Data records
------------------------------------------------------------------------

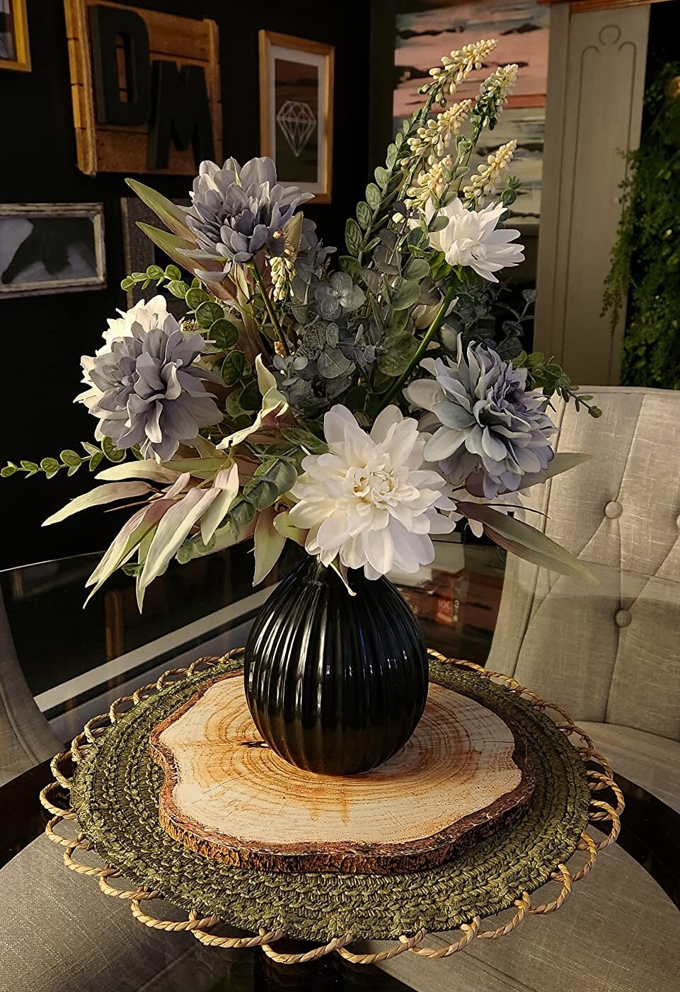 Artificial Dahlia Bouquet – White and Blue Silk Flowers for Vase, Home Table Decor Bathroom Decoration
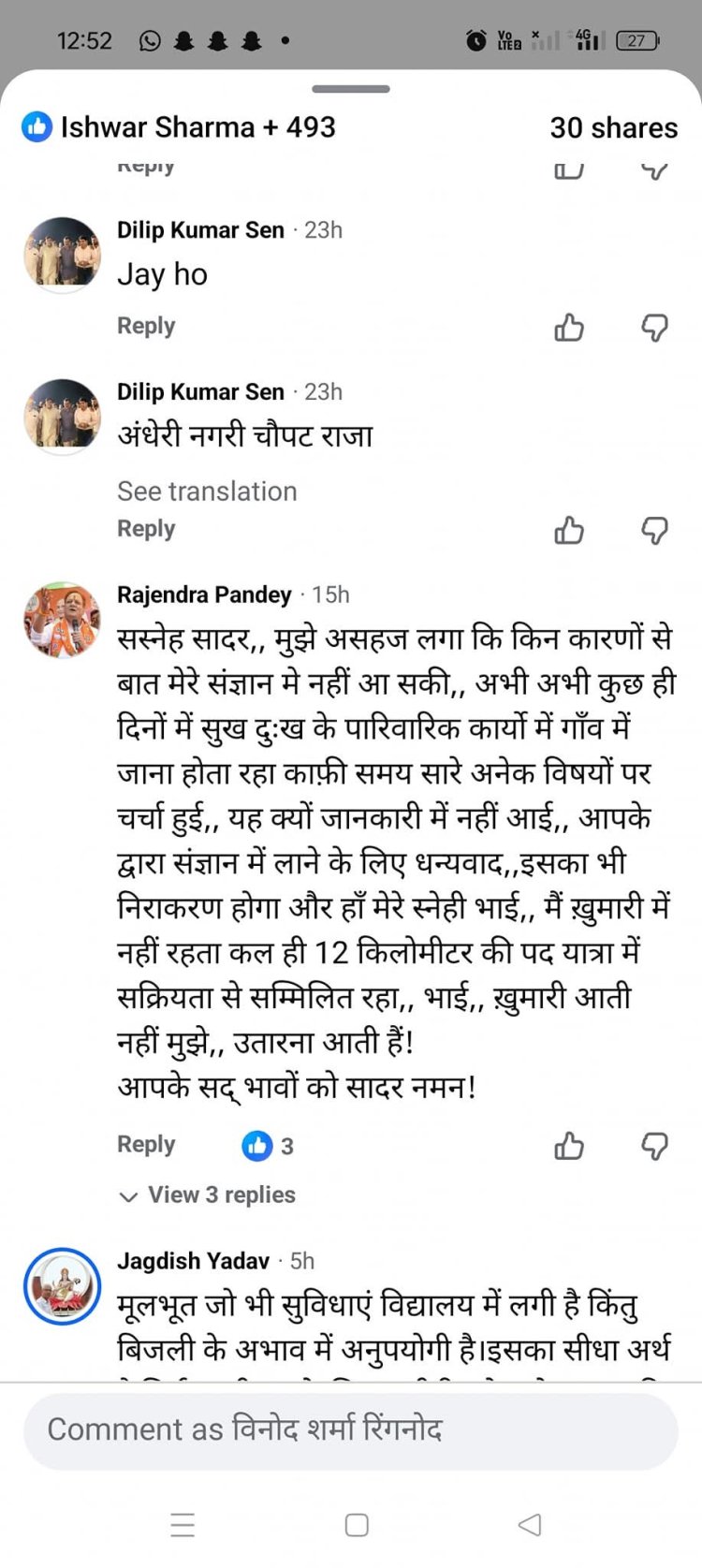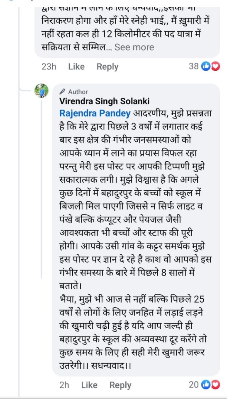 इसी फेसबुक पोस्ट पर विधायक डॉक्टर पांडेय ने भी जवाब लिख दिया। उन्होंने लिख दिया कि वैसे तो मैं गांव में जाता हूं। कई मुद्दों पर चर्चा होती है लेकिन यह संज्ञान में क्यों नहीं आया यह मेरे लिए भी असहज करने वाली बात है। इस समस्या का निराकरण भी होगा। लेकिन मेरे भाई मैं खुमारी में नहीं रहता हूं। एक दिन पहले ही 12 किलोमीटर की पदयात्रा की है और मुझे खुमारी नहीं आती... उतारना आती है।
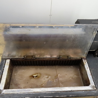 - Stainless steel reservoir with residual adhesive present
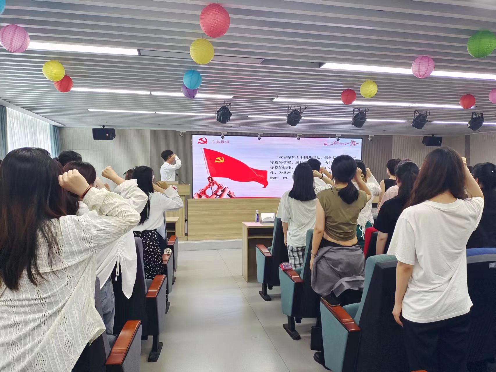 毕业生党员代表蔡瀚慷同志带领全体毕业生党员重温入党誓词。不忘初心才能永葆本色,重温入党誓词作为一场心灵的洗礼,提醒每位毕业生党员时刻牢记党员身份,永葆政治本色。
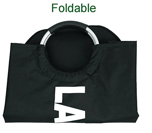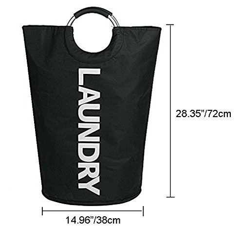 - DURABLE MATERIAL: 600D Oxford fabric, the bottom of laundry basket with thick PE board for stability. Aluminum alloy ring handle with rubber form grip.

------------------------------------------------------------------------

Work order →
Beginning at the line that contains "इसी फेसबुक पोस्ट", retype each line of the data above through the very last one. Do not retype the pictures.

Written solution →
 इसी फेसबुक पोस्ट पर विधायक डॉक्टर पांडेय ने भी जवाब लिख दिया। उन्होंने लिख दिया कि वैसे तो मैं गांव में जाता हूं। कई मुद्दों पर चर्चा होती है लेकिन यह संज्ञान में क्यों नहीं आया यह मेरे लिए भी असहज करने वाली बात है। इस समस्या का निराकरण भी होगा। लेकिन मेरे भाई मैं खुमारी में नहीं रहता हूं। एक दिन पहले ही 12 किलोमीटर की पदयात्रा की है और मुझे खुमारी नहीं आती... उतारना आती है।
 - Stainless steel reservoir with residual adhesive present
 毕业生党员代表蔡瀚慷同志带领全体毕业生党员重温入党誓词。不忘初心才能永葆本色,重温入党誓词作为一场心灵的洗礼,提醒每位毕业生党员时刻牢记党员身份,永葆政治本色。
 - DURABLE MATERIAL: 600D Oxford fabric, the bottom of laundry basket with thick PE board for stability. Aluminum alloy ring handle with rubber form grip.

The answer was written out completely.